Shoulder Pain Treatment in Whitefield Bangalore by Dr. Krishna Kumar M S

Shoulder Pain Treatment in Whitefield, Bangalore

Shoulder pain is among the most common musculoskeletal complaints affecting people of all ages — from young athletes with sports injuries to middle-aged professionals with rotator cuff tears and older adults with arthritis or frozen shoulder. Because the shoulder is the most mobile joint in the human body, it is uniquely vulnerable to both acute injury and chronic overuse conditions. Dr. Krishna Kumar M S offers comprehensive shoulder pain treatment in Whitefield, Bangalore, combining precise diagnosis with individualized treatment plans that range from physiotherapy and injection therapies to advanced arthroscopic shoulder surgery.

Ignoring shoulder pain or self-treating without proper evaluation can allow conditions like rotator cuff tears to progress from partial to full-thickness, making eventual treatment more complex. An early, accurate diagnosis by an experienced orthopedic specialist is the key to the fastest and most complete recovery.

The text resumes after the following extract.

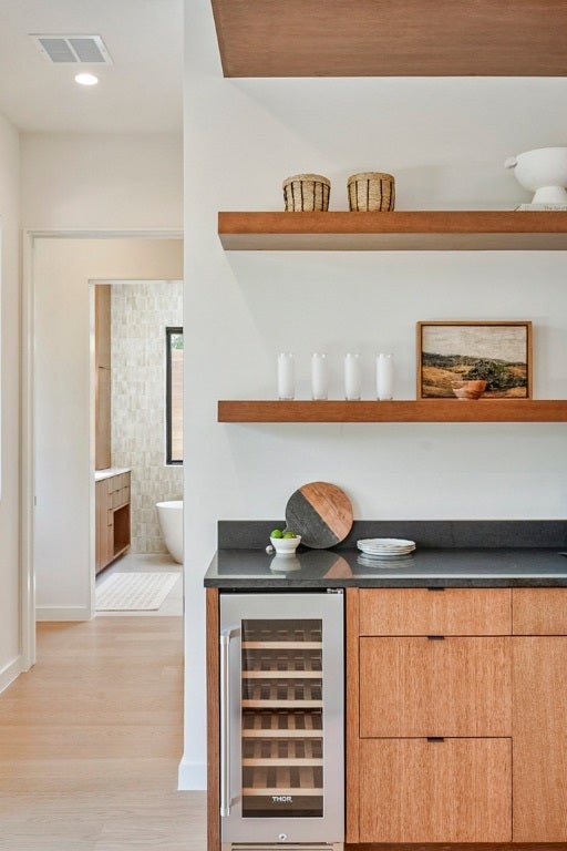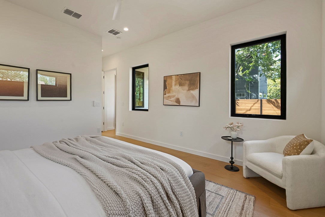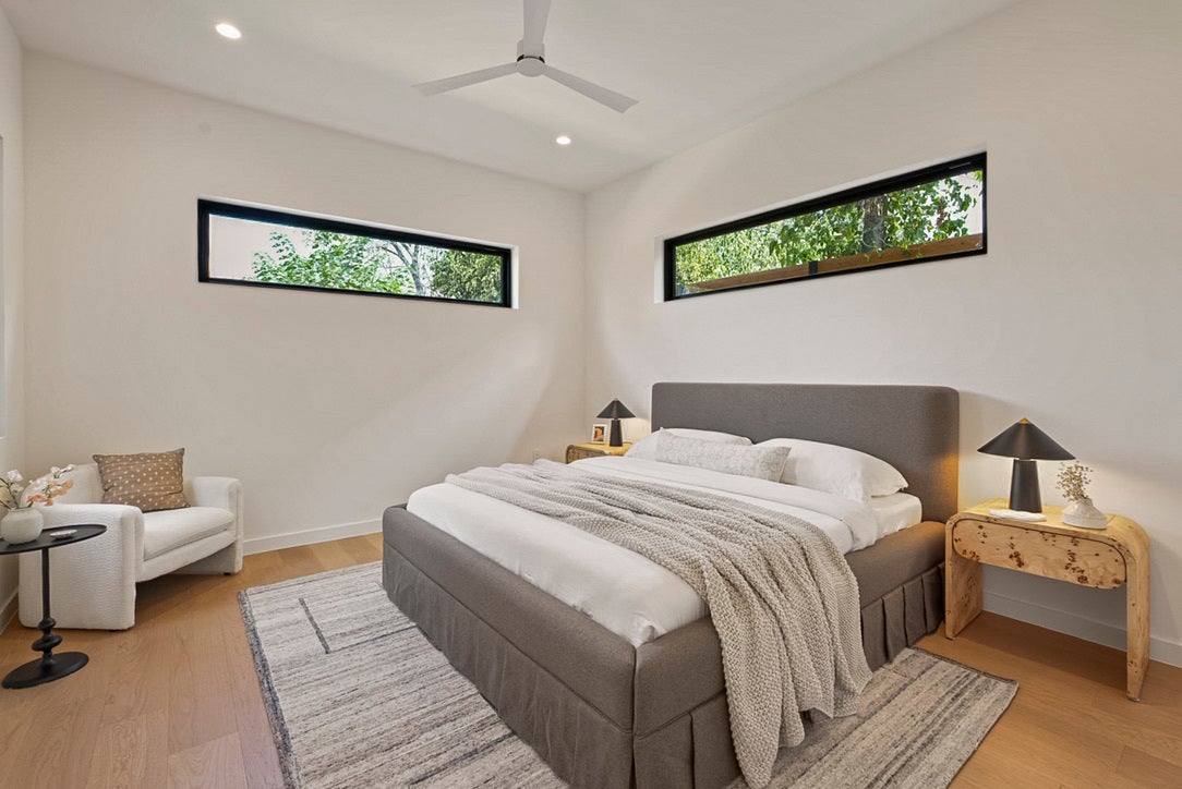Crafted by Skiera Homes in partnership with J&S Quality Construction and designed by R&D Architecture, this home perfectly blends modern architecture, timeless finishes and everyday functionality. Thoughtfully designed with the primary suite on the main level and flexible spaces ideal for multiple living or office areas. Step inside to white oak wood flooring throughout and floor-to-ceiling custom white oak cabinetry in the kitchen and primary suite. The chef’s kitchen features striking Taj Mahal quartzite counters, premium appliances, and an oversized island, perfect for cooking and gathering. In a separate entertaining zone, a dedicated wet bar offers floating shelves, a built-in wine fridge, and sink. Ideal for hosting guests or enjoying an evening drink. Natural light floods the home through large black Andersen windows, enhanced by skylights and step lighting along the staircase. The primary suite features a spa-like bath and a walk-in closet with dedicated washer/dryer hookups, while each additional bedroom offers custom closets and thoughtful touches such as built-in desks, nooks, and storage. Designed for indoor-outdoor living, the backyard features a modern design with cedar fencing and steel posts for privacy and durability. The two-car carport is wired for an EV charger, with the option to add a garage door for enhanced privacy. OWNER / AGENT.
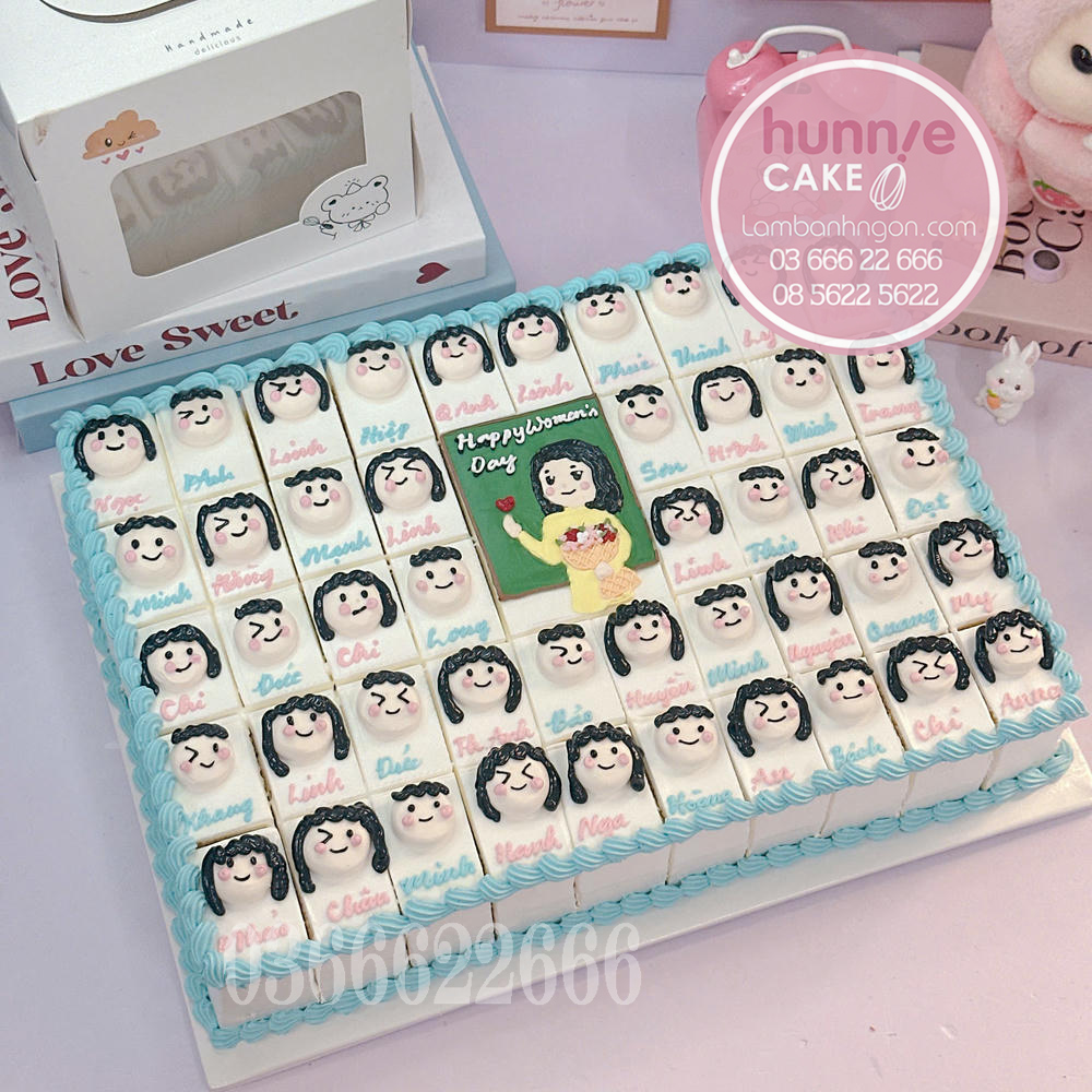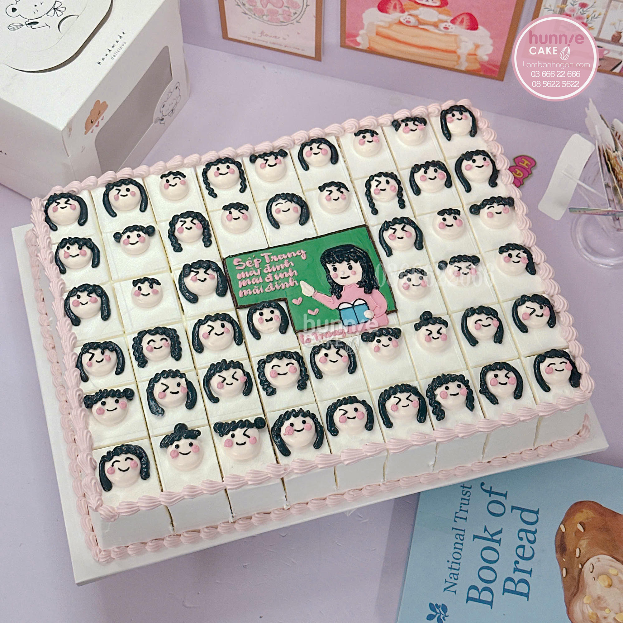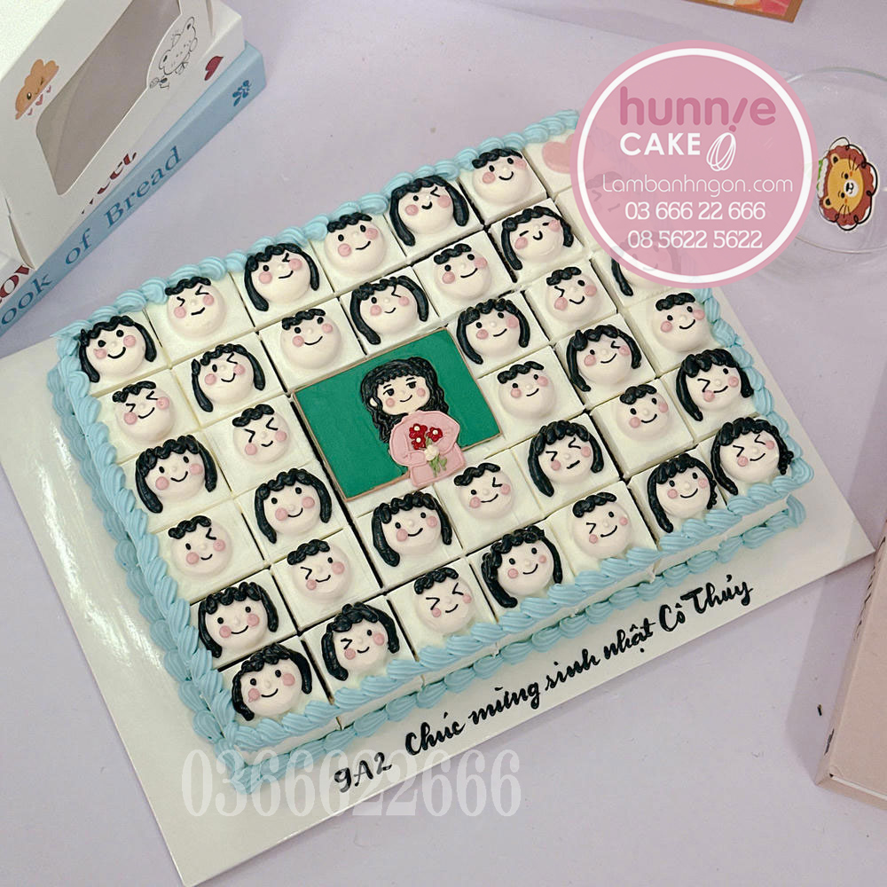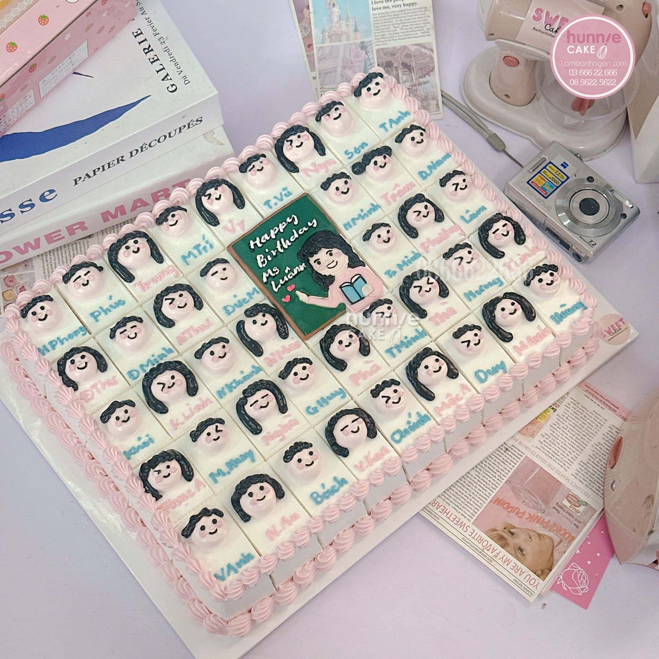 Bánh sinh nhật chia miếng vẽ cô giáo và học sinh siêu dễ thương

Understanding Shoulder Pain

The shoulder joint is a glenohumeral ball-and-socket joint — the head of the humerus (upper arm bone) sits within the shallow glenoid socket of the scapula. This shallow socket design, while enabling exceptional range of motion in all directions (flexion, extension, abduction, external and internal rotation), sacrifices inherent bony stability. The shoulder relies heavily on the rotator cuff muscles, the labrum (fibrocartilaginous socket deepener), the biceps tendon, and surrounding ligaments for stability and controlled movement.

Shoulder pain can result from acute injury (a fall, collision, or sudden overhead exertion), chronic repetitive overuse (throwing athletes, swimmers, manual workers), or degenerative change (arthritis, age-related rotator cuff thinning). The impact on daily life is significant — difficulty dressing, reaching overhead shelves, sleeping on the affected side, and performing work tasks are common complaints that drive patients to seek expert care.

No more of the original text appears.